Provenance Record

The article is well-structured, appropriately scoped for an Analysis piece, and demonstrates strong contextual knowledge of the CAR-T field. The writing is clear and medically precise throughout. Word count (962) is within the Analysis range (800-2000). However, two specific quantitative claims about the Capstan Therapeutics Science paper are not supported by any available source and appear to be hallucinated or fabricated: (1) 'near-complete B-cell depletion within three hours' and (2) 'near-total tumor clearance in leukemia models.' The Capstan Science abstract (PMID 40536974) describes B-cell depletion in cynomolgus monkeys and tumor control in humanized mice — no specific timeframe or percentage figures are given, and the leukemia model characterization is not supported. Additionally, AERA-109 is described as 'CD19-directed' but neither the BusinessWire press release nor the BioSpace version specifies the antigen target of AERA-109.

NEJM (10.1056/NEJMc2509522): Bot blocked with 403, but confirmed via PubMed (PMID 40961420) to be a real NEJM Letter published Oct 16 2025, vol 393(15):1542-1544. Authors include Georg Schett. Title confirmed: 'In Vivo CD19 CAR T-Cell Therapy for Refractory Systemic Lupus Erythematosus.' Article claims about the NEJM publication (5 patients, 60% CAR expression, complete B-cell depletion 7-10 days, SLEDAI-2000 decline up to 20 points, no grade ≥3 CRS) are confirmed by the BioSpace press release and cross-validated by web search coverage. BioSpace press release (MagicRNA HN2301): Accessible and fully corroborates all MagicRNA-specific claims including EnC-LNP platform, CD8+ targeting, five patients, lupus nephritis in four patients, dosing details, and Prof. Georg Schett's involvement. BusinessWire (Aera Therapeutics AERA-109): Bot-blocked and timed out repeatedly. Confirmed via web search and PharmiWeb mirror that the release is real and dated September 23, 2025. Confirmed: in vivo CAR-T via lipid nanoparticles, lymphodepletion avoidance, mid-2026 Phase I target. NOT confirmed: The article states AERA-109 is 'CD19-directed' but no available version of the press release names the specific antigen target. Capstan Therapeutics Science paper (PMID 40536974): Confirmed real via PubMed, published June 19 2025 in Science. Confirmed: targeted lipid nanoparticles, CD8+ T cell reprogramming, B-cell depletion in cynomolgus monkeys, tumor control in humanized mice. NOT confirmed: The article states 'near-complete B-cell depletion within three hours and near-total tumor clearance in leukemia models' — the abstract contains no specific timeframe, no percentage figures, and does not characterize the tumor model as leukemia. These quantitative claims have no source support.

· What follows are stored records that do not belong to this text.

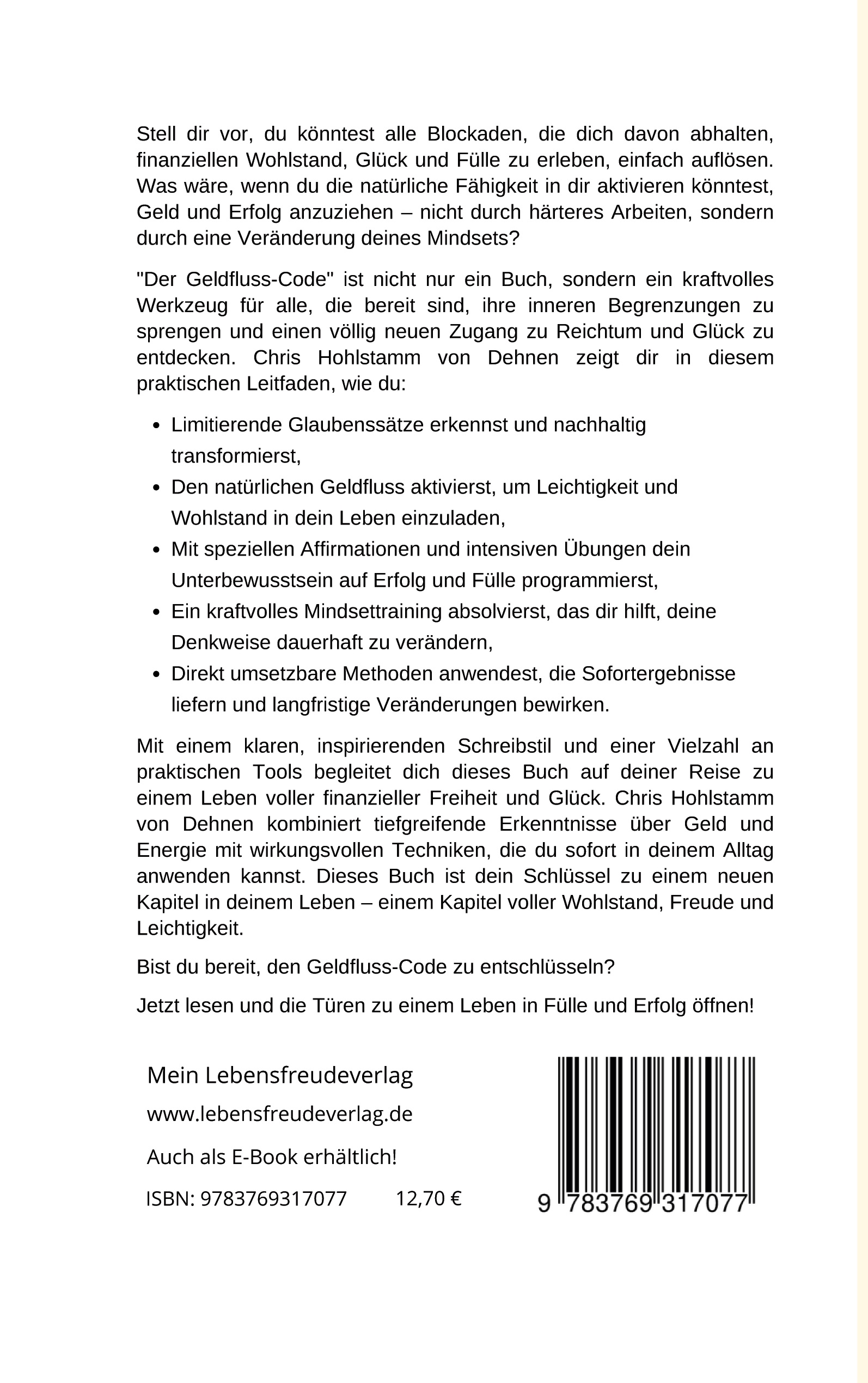 Der Geldfluss-Code ist nicht nur ein Buch, sondern ein kraftvolles Werkzeug für alle, die bereit sind, ihre inneren Begrenzungen zu sprengen und einen völlig neuen Zugang zu Reichtum und Glück zu entdecken. Chris Hohlstamm von Dehnen zeigt dir in diesem praktischen Leitfaden, wie du:
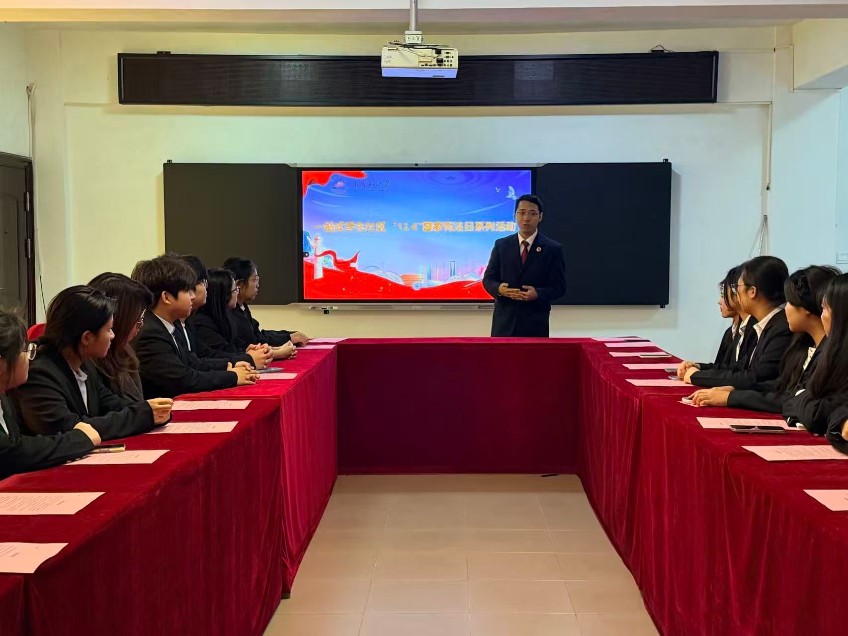 为深入学习贯彻习近平法治思想,大力弘扬宪法精神,增强学生宪法意识和法治素养,在第十二个“12·4”国家宪法日当天,井冈山大学以“一站式”学生社区为核心阵地,精心策划并组织开展了“12·4”国家宪法日系列主题教育活动。本次活动由井冈山大学学生工作部(处)主办、商学院承办,通过理论学习、专业宣讲和社区沉浸式互动的多元方式,让宪法精神从文本走向生活,在校园落地生根、开花结果。
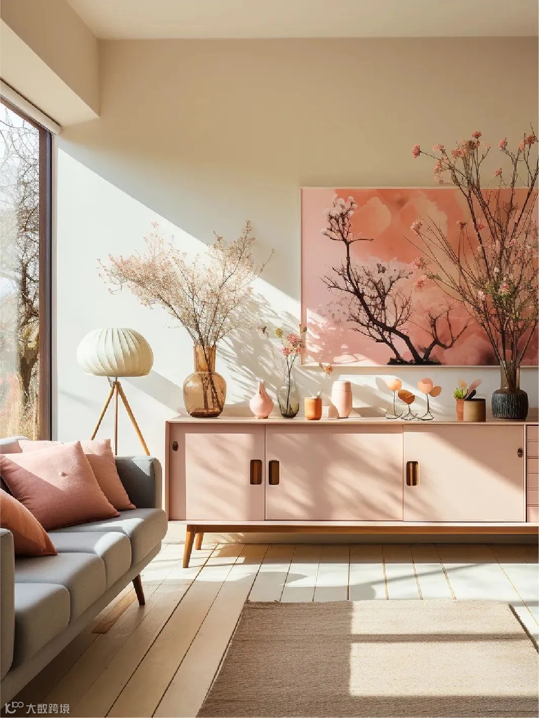 在家装设计色彩搭配中,柔和桃与米色、棕色的同色系搭配会给人一种心灵绽放的感觉,深浅不同的同色系看起来舒适、和谐,同时又富有高级的层次感,打造出简约而优雅的居家氛围,为新居注入一丝温柔与亲和力。

Three factual issues identified: (1) CRITICAL: The article claims Capstan data showed 'near-complete B-cell depletion within three hours' — no cited source supports this specific timeframe or percentage. The Capstan abstract reports B-cell depletion in cynomolgus monkeys without a timeline. (2) CRITICAL: The article claims 'near-total tumor clearance in leukemia models' — the Capstan abstract says only 'tumor control in humanized mice' with no percentage and does not name the tumor type as leukemia. (3) MINOR: The article describes AERA-109 as 'CD19-directed' but available sources only describe it as targeting B cell-mediated autoimmune diseases without naming a specific antigen. All claims about the MagicRNA HN2301 NEJM study are accurately sourced and verified.

The MagicRNA/NEJM core of this article is well-reported and accurately sourced. The two problematic claims concern the Capstan supporting paragraph, where specific quantitative language ('three hours,' 'near-total,' 'leukemia') appears to be unsupported invention rather than paraphrase of the available source. In medical reporting, fabricated precision is more damaging than acknowledged uncertainty. The AERA-109 antigen characterization is a lesser concern but still a factual assertion without source backing. REQUEST_CHANGES to correct these three specific items before publication.